Unfortunately, since 1992, that is pretty much what has happened here. Today, in the words of Mr. Obama's Defense Secretary Robert M. Gates, the United States is "the only declared nuclear power that is neither modernizing its nuclear arsenal nor has the capability to produce a new nuclear warhead."

Not content with the slow demise of America's deterrent, the denuclearizing Johnnys are making a new push for another arms-control initiative - one wisely rejected by a majority of the U.S. Senate a decade ago: the Comprehensive Test Ban Treaty (CTBT). Ratification would effectively preclude the United States from ever validating its nuclear arsenal via the only tried-and-true means: actual explosive detonations. Even now, thanks to the unilateral U.S. moratorium on such testing adopted in 1992, there are grave and growing uncertainties about the reliability of our obsolescing weaponry.

Mr. Scowcroft recently co-chaired with the ubiquitous Mr. Perry a Council on Foreign Relations panel promoting the nuclear bridge-jump.

Published reports indicate that at least some of the members of yet another group which Mr. Perry also chaired - an official commission charged with reviewing the U.S. Strategic Forces Posture - will this week join the council in endorsing CTBT's ratification.
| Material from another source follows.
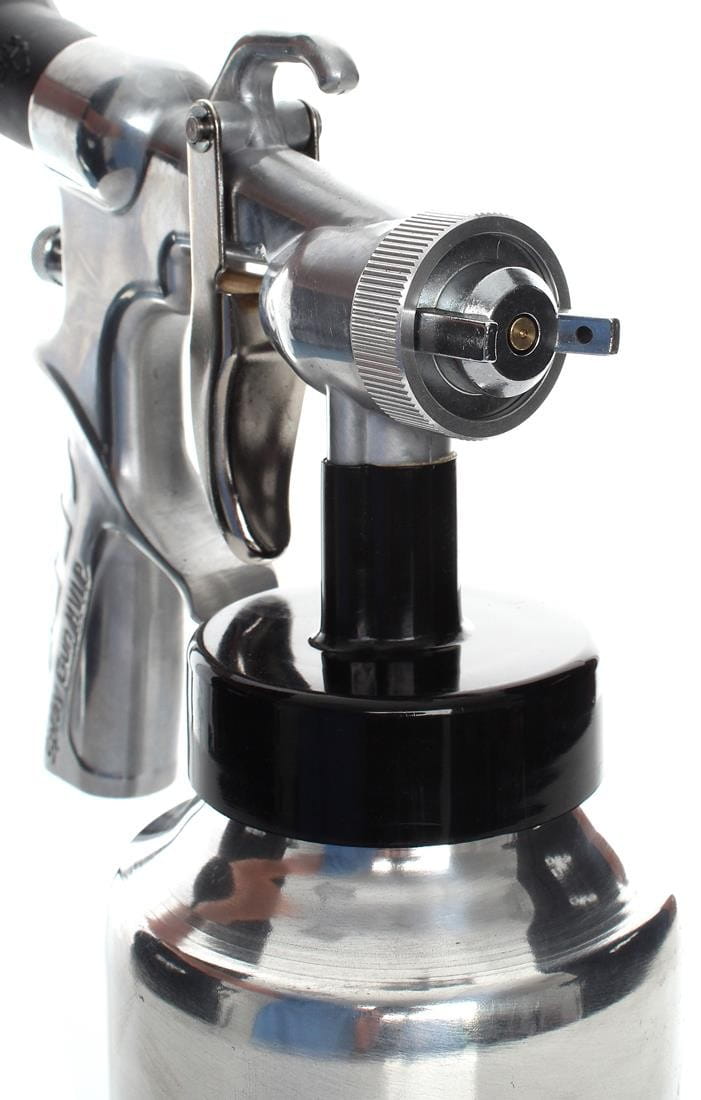 Ciśnienie na poziomie 0,15 bar klasyfikuje urządzenie jako malarkę turbinową (HVLP). Farba jest rozpylana przy niskim ciśnieniu, dzięki czemu mniej materiału unosi się w powietrzu jako mgła — większa część trafia bezpośrednio na malowaną powierzchnię. Przekłada się to na mniejsze zużycie farby i ograniczenie wdychania aerozolu podczas pracy.

Mr. Scowcroft has told the press he is "cautiously optimistic" 67 votes can be found in the Senate for the treaty.

Will America jump off a bridge because these "smart people" say to? Or will we recognize that a world in which, among a growing number of others, the marauding Taliban in Pakistan might soon have nuclear weapons is not one in which the United States can safely heed such advice by continuing its denuclearization?

Frank J. Gaffney Jr. was responsible for nuclear weapons policy in the Reagan Defense Department. He is president of the Center for Security Policy.